Keeping in view the above failures and under the prevailing circumstances when the government is keen to provide better healthcare to people, it would perhaps be advisable to adopt the already globally practiced WHO Essential Drugs scheme which was launched by WHO in 1981. This scheme was based on then concept that a restricted number of time-tested, safe, standard, and quality essential drugs should satisfy the health needs of majority of the population of a country, and must be available in appropriate quantities and dosage forms at affordable prices at all times. This concept emerged in 1977 when WHO published a model list of reference Essential Drugs. ALMA ATTA declaration of Pharmacy Health Care introduced in 1978 identified provision of Essential Drugs as one of the eight elements of Primary Health care.

Kenya was the first country to adopt and implement this scheme in 1981. In June 1982, Bangladesh introduced a National Drug Policy and Drug Ordinance in accordance with WHO guidelines to implement this scheme, which is quite successful to date. Since 1999, around 160 countries of the world have adopted the Essential Drugs concept and prepared their Essential Drugs lists, which are supported by their National Drugs Policies.
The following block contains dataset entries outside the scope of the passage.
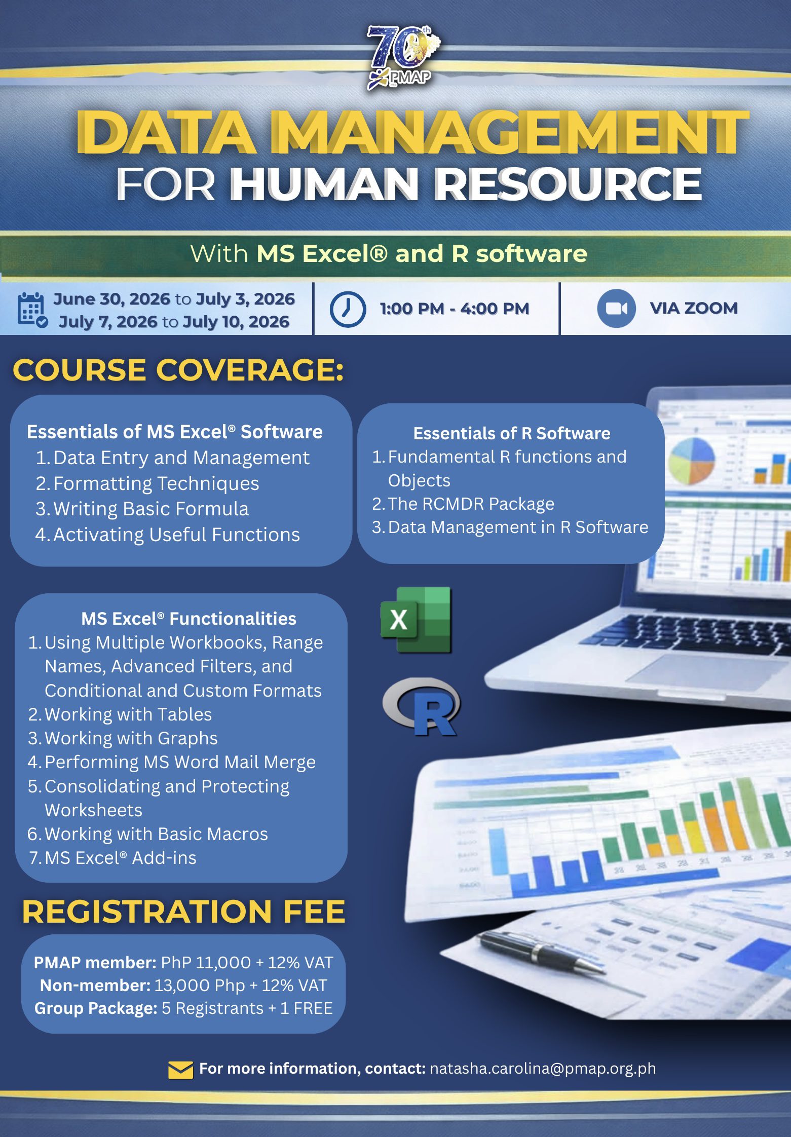 Join us for this specialized module designed for HR professionals and people managers, on Statistics for Human Resource Management: Data Management for Human Resources with MS Excel®, R Software, and Jamovi this June 30 to July 3; and July 7 to July 10, 2026 from 1:00 PM to 4:00 PM via Zoom.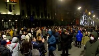 რუსთაველის გამზირზე გზა გადაიკეტა - პარლამენტის წინ მოქალაქეები იკრიბებიან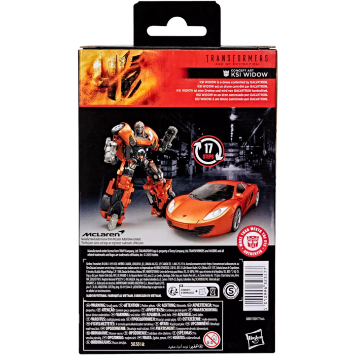 Bring the epic action of Transformers: Age of Extinction from the screen into your collection with the Transformers Studio Series 4.5-inch (11.5 cm) Deluxe Class Concept Art KSI Widow action figure! Transformers Studio Series toys are collectible action figures that feature movie-inspired details and accessories. Convert the Studio Series Transformers action figure from robot to McLaren MP4-12C car mode in 17 steps. The figure has articulated head, arms, and legs for action poses. Look for more Transformers Studio Series collectible figures to build a movie-inspired collection (each sold separately, subject to availability)!
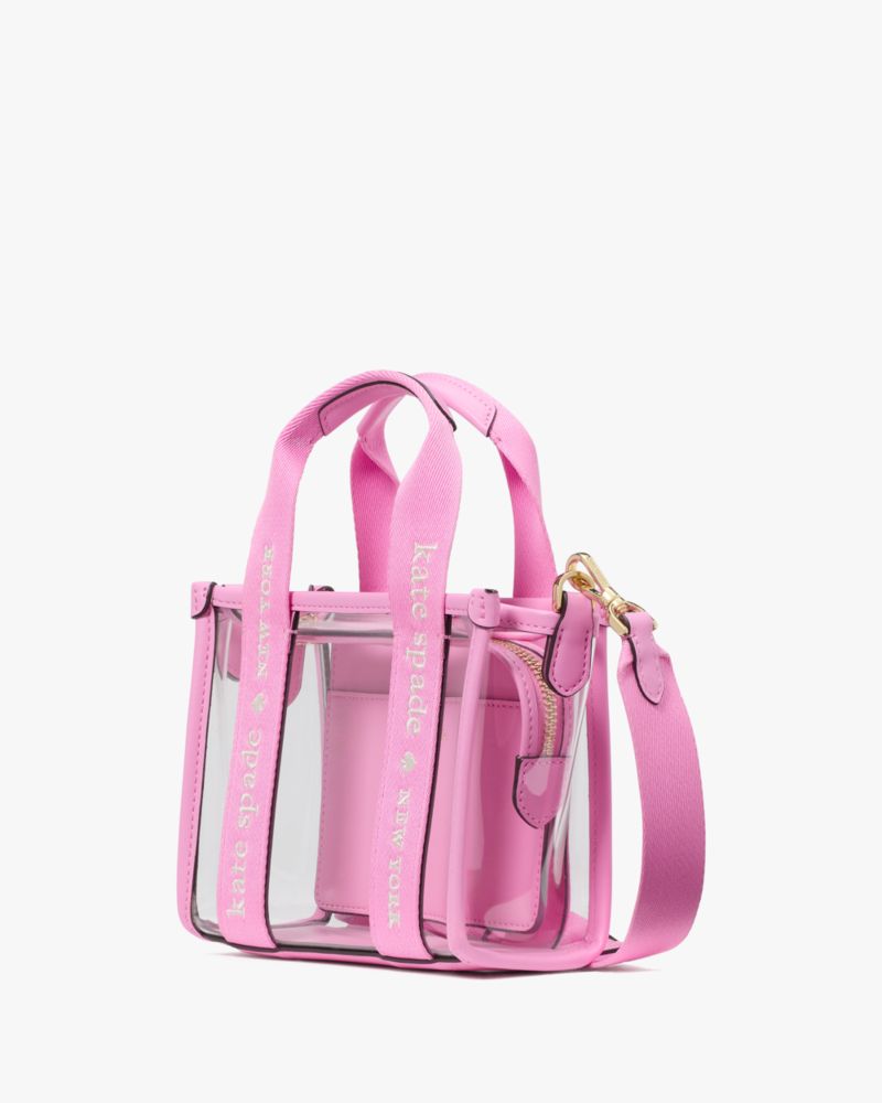 Really cute and well made. Would work great for sports/arena events that require a clear bag now, or the beach. Easy to dress up or down, and I love this shade of bright pink!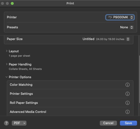 Not sure if you are aware of this but Apple OS and Epson Pro Printers drivers have a bad history of playing nice together. Created presets just do not stick consistently. And when you start to get confident that one of your presets is actually using ALL the settings you expected and print out a several hundred dollar print only to toss it in the trash, you learn not to trust them. So I, like many others, go through mental checklist each time to make sure all the settings are correct. The most important one being under the "Printer Options>Printer Settings" category in the driver. Previous Mac OS had this category located much higher up the print dialog screen so I could just click on it like muscle memory. Now it requires a scroll down every time. I know it seems like a minor issue but when you do this several hundred times a day.....it sucks.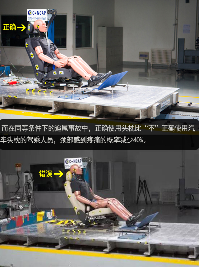 在发生车祸时,碰撞所产生的巨大冲击力将全都挤压在脆弱的颈部,即使车速只有10km/h,如果得不到头枕的保护,很可能造成颈椎损伤甚至成为致命伤。资料显示,在26%的追尾事故中,驾乘人员的头部或颈部会受到损伤。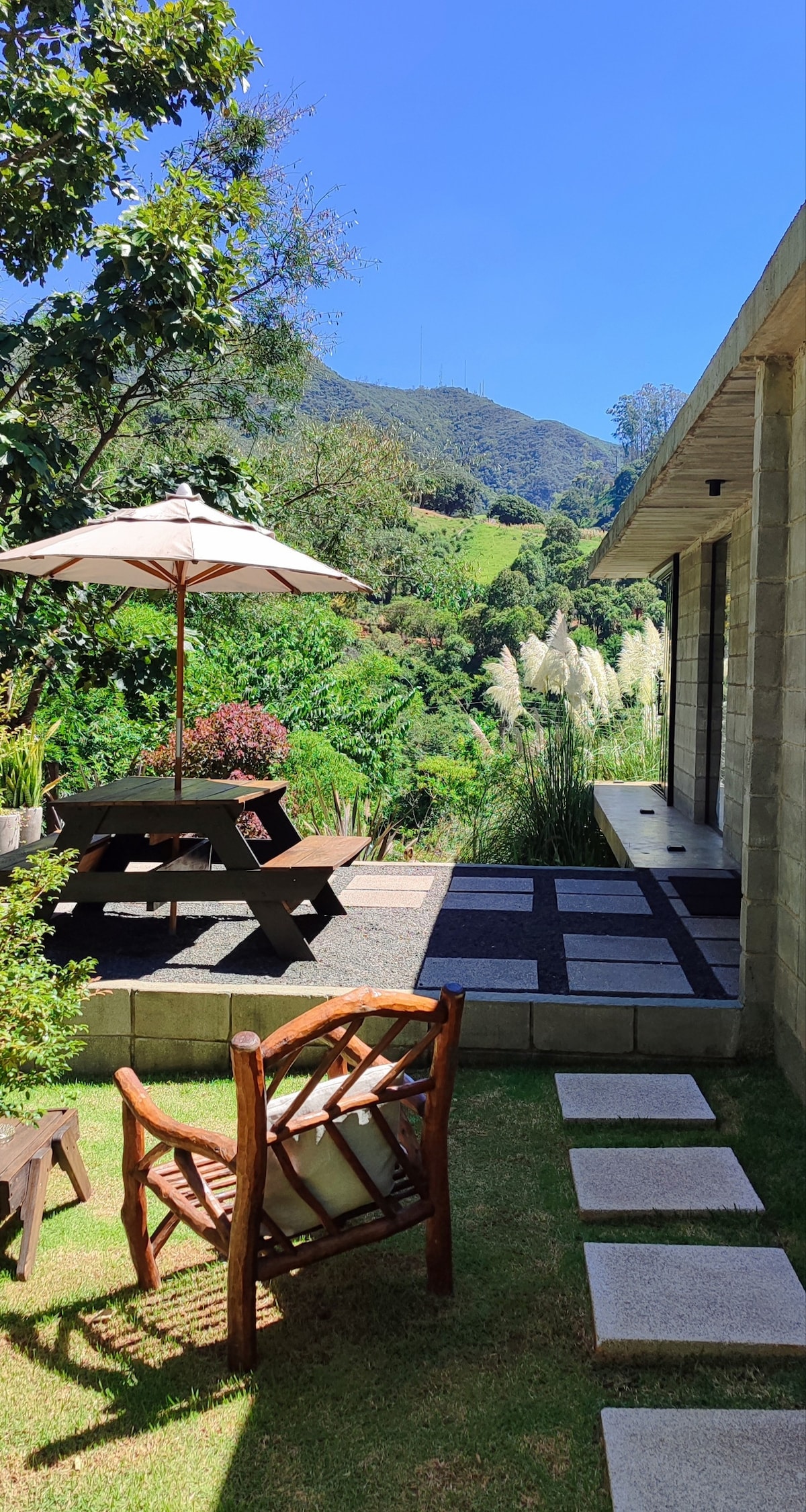 Refúgio romântico em meio à natureza, ideal para casais. Chalé estilo suíço (A-frame) em sítio cercado por cafezais, com rio e cachoeira particulares. Possui banheiras externas com vista para a Serra da Mantiqueira, jacuzzi interna, fogueira, churrasqueira, quadra de beach tênis, cama-balanço, sauna seca com vista e projetor interno com telão de 100”.

Pakistan, where Pharmaceuticals is one of the biggest industries of the country have failed to implement this scheme even after its approval by the Ex. President of Pakistan in May 2017 and also after announcement of National Drug Policy 1986 and finalization of Essential Drugs list on WHO guidelines. In fact, the then WHO coordinator in the Ministry of Health and WHO mutually agreed upon a collaborative program on Essential Drugs and a plan of operation 1988-89 was drawn in July 1989. This plan was not followed upon due to changes in the Ministry except for publishing a Hospital Formulary containing 270 Essential Drugs as per WHO guidelines.

It would be in the best interest of the nation and particularly of the patients to implement the already worked out WHO Essential Drugs scheme that was approved in 2017. This scheme also provides complete methodology and even the roadmap on its implementation.

As regards other Drug Regulatory and Production issues such as monitoring of side effects and use of unsafe medicines etc., the DRAP Act 2012, which was established for effective enforcement of Drugs Act 1976, provides thirteen sections. Each of these sections are headed by a Director, with their functions and responsibilities defined to deal with safety, efficacy, quality, and all related issues to safeguard Public Health. This Act also covers the manufacture, sale, and distribution of Alternative medicines (Act 2014). The need of the time is to implement these rules-and-regulations and policies in letter and spirit to protect the public from possible health hazards of the medicines, which is the main function and responsibility of DRAP and Ministry of Health Services.